■ Problem to solve
In the entries that follow, find the line containing "Nonograms are addictive"; from there, copy every line exactly through the line containing "ダークウォルナットの艶を抑えた化粧板にペダルやヒンジなど、".

■ Listed entries
_ _ _ _ _
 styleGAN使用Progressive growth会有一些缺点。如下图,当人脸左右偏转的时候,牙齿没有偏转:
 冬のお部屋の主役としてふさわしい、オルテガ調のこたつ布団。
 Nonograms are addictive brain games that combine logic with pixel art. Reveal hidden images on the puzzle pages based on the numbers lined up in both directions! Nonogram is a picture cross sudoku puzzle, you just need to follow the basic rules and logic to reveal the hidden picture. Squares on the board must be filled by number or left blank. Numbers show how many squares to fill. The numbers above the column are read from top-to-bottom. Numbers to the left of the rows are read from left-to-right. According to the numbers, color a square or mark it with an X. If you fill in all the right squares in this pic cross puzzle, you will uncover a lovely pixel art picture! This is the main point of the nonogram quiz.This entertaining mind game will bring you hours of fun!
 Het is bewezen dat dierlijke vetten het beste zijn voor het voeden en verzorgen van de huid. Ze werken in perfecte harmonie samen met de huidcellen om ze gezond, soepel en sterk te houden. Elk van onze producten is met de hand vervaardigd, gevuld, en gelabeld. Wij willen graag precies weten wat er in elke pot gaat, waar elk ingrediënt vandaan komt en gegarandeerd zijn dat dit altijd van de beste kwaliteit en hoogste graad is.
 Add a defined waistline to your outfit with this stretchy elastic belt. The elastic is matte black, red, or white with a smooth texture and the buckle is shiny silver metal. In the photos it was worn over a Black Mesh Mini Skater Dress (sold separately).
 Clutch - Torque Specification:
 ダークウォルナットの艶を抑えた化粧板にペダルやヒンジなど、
_ _ _ _ _
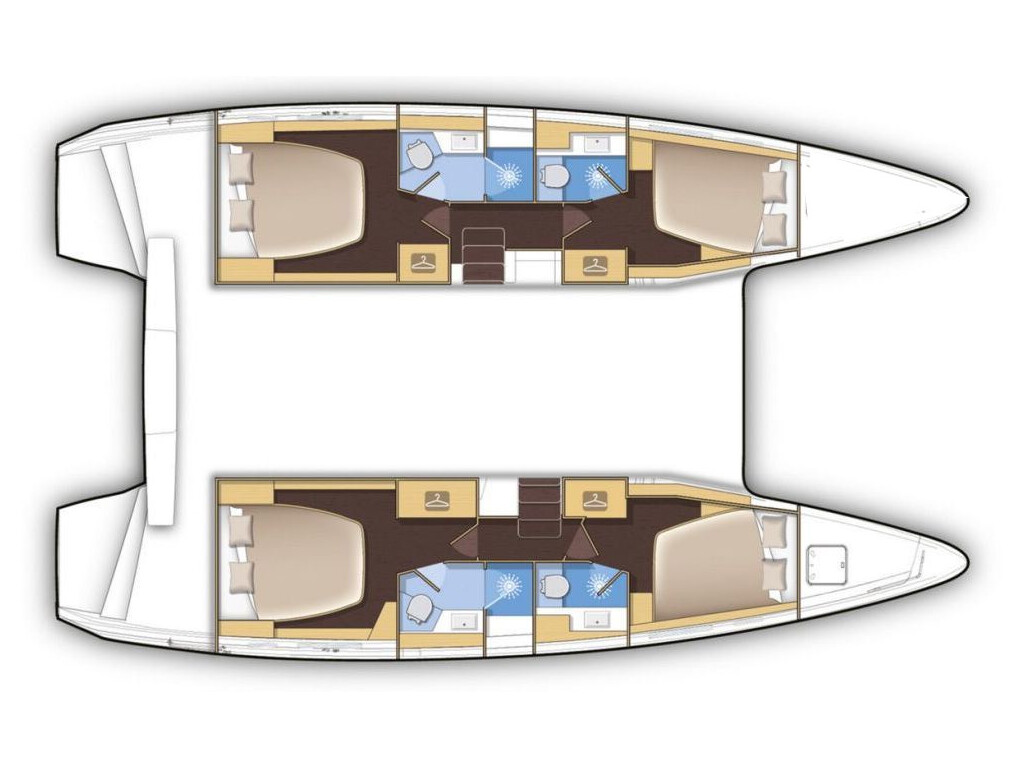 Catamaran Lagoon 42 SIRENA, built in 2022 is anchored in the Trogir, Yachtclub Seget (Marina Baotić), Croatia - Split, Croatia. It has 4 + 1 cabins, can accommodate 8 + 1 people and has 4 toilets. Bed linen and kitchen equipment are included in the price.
_ _ _ _ _
■ Response for this exercise
 Nonograms are addictive brain games that combine logic with pixel art. Reveal hidden images on the puzzle pages based on the numbers lined up in both directions! Nonogram is a picture cross sudoku puzzle, you just need to follow the basic rules and logic to reveal the hidden picture. Squares on the board must be filled by number or left blank. Numbers show how many squares to fill. The numbers above the column are read from top-to-bottom. Numbers to the left of the rows are read from left-to-right. According to the numbers, color a square or mark it with an X. If you fill in all the right squares in this pic cross puzzle, you will uncover a lovely pixel art picture! This is the main point of the nonogram quiz.This entertaining mind game will bring you hours of fun!
 Het is bewezen dat dierlijke vetten het beste zijn voor het voeden en verzorgen van de huid. Ze werken in perfecte harmonie samen met de huidcellen om ze gezond, soepel en sterk te houden. Elk van onze producten is met de hand vervaardigd, gevuld, en gelabeld. Wij willen graag precies weten wat er in elke pot gaat, waar elk ingrediënt vandaan komt en gegarandeerd zijn dat dit altijd van de beste kwaliteit en hoogste graad is.
 Add a defined waistline to your outfit with this stretchy elastic belt. The elastic is matte black, red, or white with a smooth texture and the buckle is shiny silver metal. In the photos it was worn over a Black Mesh Mini Skater Dress (sold separately).
 Clutch - Torque Specification:
 ダークウォルナットの艶を抑えた化粧板にペダルやヒンジなど、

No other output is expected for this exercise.